:: Work required ::
From the data below, copy exactly the lines that lie between the one holding "- oceľová hlava" and the one holding "Sports Research® Omega-3", including both, and nothing more.

:: Supplied entries ::
----------------------------------------

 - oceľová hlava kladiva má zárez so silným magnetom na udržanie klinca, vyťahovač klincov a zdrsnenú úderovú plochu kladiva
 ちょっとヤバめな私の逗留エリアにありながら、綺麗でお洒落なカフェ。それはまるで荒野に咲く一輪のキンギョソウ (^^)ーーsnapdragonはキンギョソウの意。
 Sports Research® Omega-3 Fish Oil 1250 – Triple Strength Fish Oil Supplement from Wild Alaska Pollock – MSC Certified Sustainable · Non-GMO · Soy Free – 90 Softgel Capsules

----------------------------------------

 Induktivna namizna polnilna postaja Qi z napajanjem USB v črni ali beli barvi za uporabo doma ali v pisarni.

----------------------------------------

:: Exercise result ::
 - oceľová hlava kladiva má zárez so silným magnetom na udržanie klinca, vyťahovač klincov a zdrsnenú úderovú plochu kladiva
 ちょっとヤバめな私の逗留エリアにありながら、綺麗でお洒落なカフェ。それはまるで荒野に咲く一輪のキンギョソウ (^^)ーーsnapdragonはキンギョソウの意。
 Sports Research® Omega-3 Fish Oil 1250 – Triple Strength Fish Oil Supplement from Wild Alaska Pollock – MSC Certified Sustainable · Non-GMO · Soy Free – 90 Softgel Capsules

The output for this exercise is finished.